Nasza Loteria NaM - pasek na kartach artykułów

A Quiche! Odrobina Francji w naszej kuchni

Redakcja
Pchnie aż ślinka leci
Pchnie aż ślinka leci Szymon Niemiec
Pochmurne, szare dni nieodmiennie popychają mnie w stronę kuchni. Bo nawet najwięksi sceptycy wiedzą, że nic tak nie poprawia nastroju, jak coś dobrego na talerzu. Dzisiaj zaproponuję wam coś kolorowego, a zarazem prostego. Po prostu quiche!

Quiche to odmiana francuskiej tarty, czyli ciasta na kruchym spodzie z nadzieniem. Od tradycyjnej tarty quiche różni się tym, że nadzienie w nim jest zawsze ostre lub słone. Ponieważ mój partner ma w żyłach domieszkę krwi francuskiej, quiche często gości na naszym stole. Dzisiaj podzielę się z wami przepisem na pikantną wersję tego przysmaku.

Papryka i zioła, czyli rozkosz po francusku

Dla tego przepisu warto wybrać się do sklepu i zaopatrzyć w świeże zioła. Wprawdzie ich suszone odpowiedniki też będą się nadawały, ale wierzcie mi na słowo, smaku i zapachu świeżo posiekanego oregano i pietruszki nie zastąpi nic!

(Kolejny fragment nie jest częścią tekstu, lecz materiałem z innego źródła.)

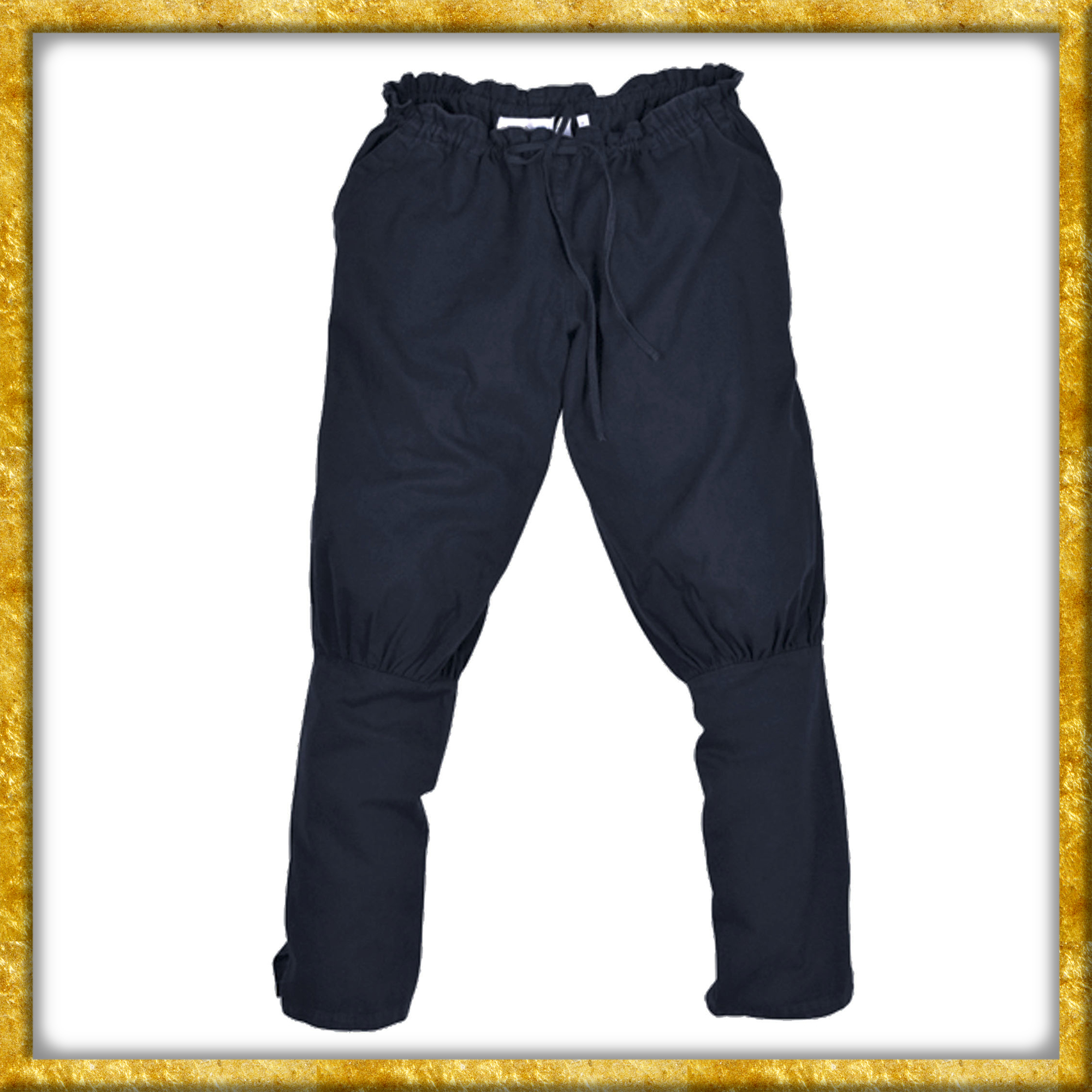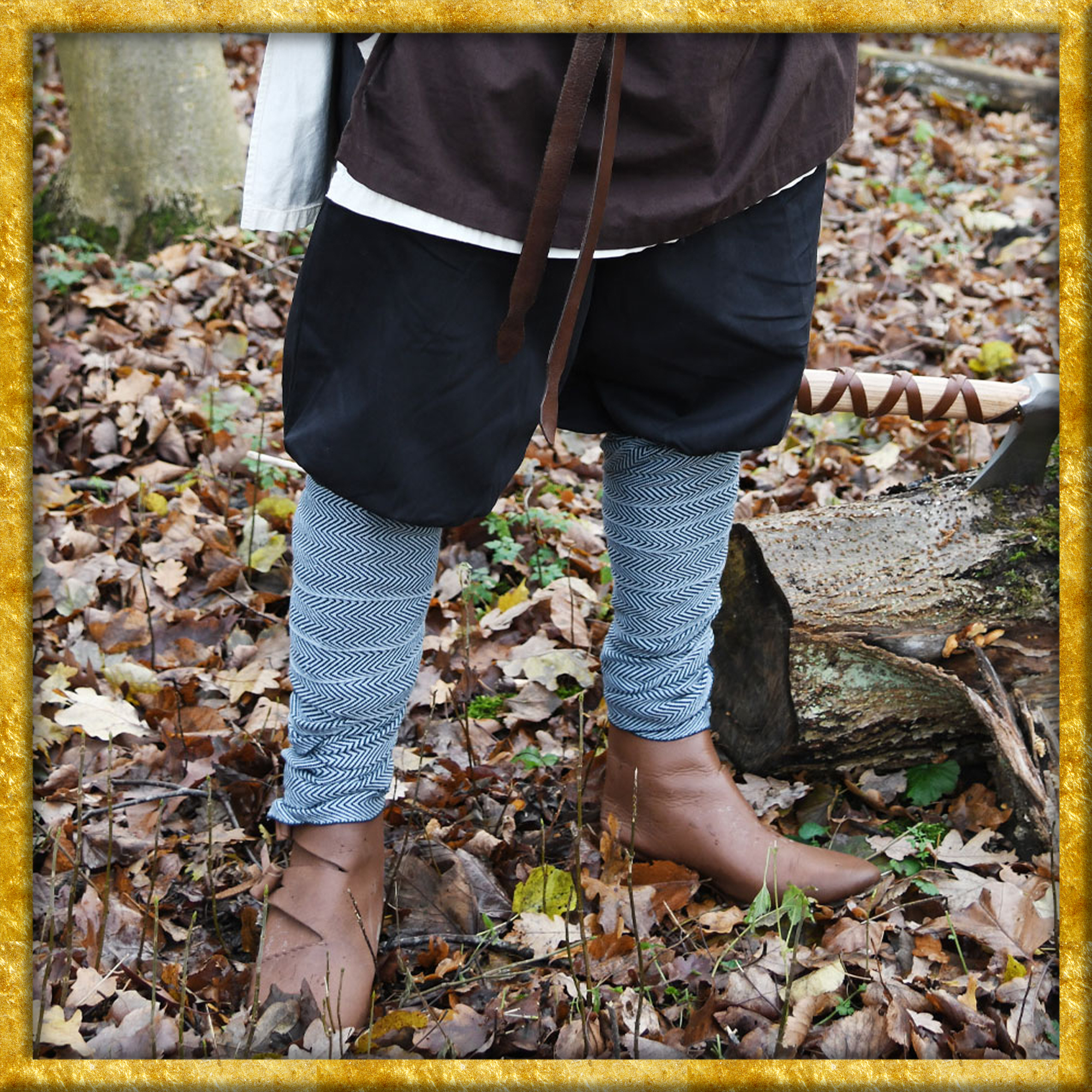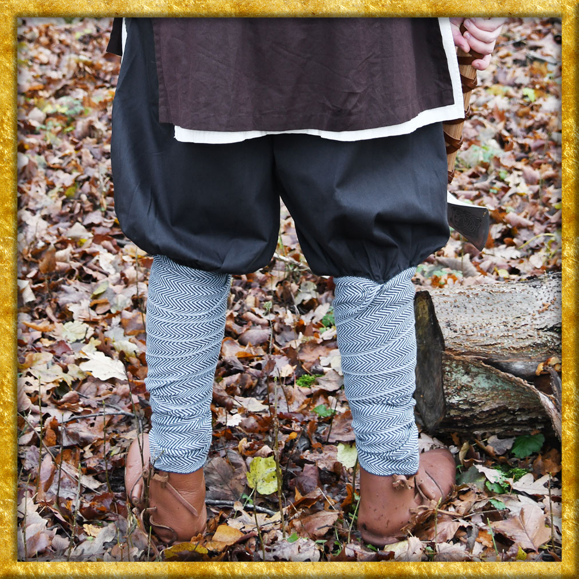 Diese dunkelblaue Wikingerhose ist sicherlich das signifikanteste Kleidungsstück für die Darstellung eines Wikingers oder Slawen. Sie ist oben sehr voluminös geschnitten und unterhalb des Knies ist sie gerafft und verjüngt sich. Der enge Part kann mit Wadenwickeln überwickelt werden. Der Bund ist sehr weit und wird mit einem Tunnelzug individuell angepasst. Seitliche Eingriffstaschen und kleine Schlitze am Saum erhöhen den Tragekomfort. Die Hose ist aus Baumwollstoff gefertigt und wurde vorgewaschen, dadurch erhält sie einen authentischen Look und einen angenehmen Tragekomfort.

Na szczęście dla wszystkich smakoszy, w większości supermarketów można już nabyć gotowe sadzonki ziół wszelakich. Niektóre z nich możemy pielęgnować w domu, lub kupować je po prostu w zależności od potrzeb.
Ale do rzeczy.

Zanim zajmiemy się ziołami i nadzieniem, musimy przygotować ciasto. W tym celu do sporej miski wsypujemy przesiane wcześniej czterysta gram (400 g) pełnoziarnistej mąki. Do niej dodajemy pokrojone w kostkę sześćdziesiąt gram (60 g) masła. Mąkę z masłem zalewamy kubeczkiem jogurtu o niskiej zawartości tłuszczu. Można już kupić jogurt specjalnie przygotowany do gotowania. Takie stugramowe opakowanie powinno nam wystarczyć w zupełności. Dla smaku dodajemy jeszcze odrobinę soli i pieprzu, a następnie szybko zagniatamy całość w gładkie ciasto. Robimy z niego foremną kulę, którą po owinięciu w folię spożywczą odstawiamy na godzinę do lodówki.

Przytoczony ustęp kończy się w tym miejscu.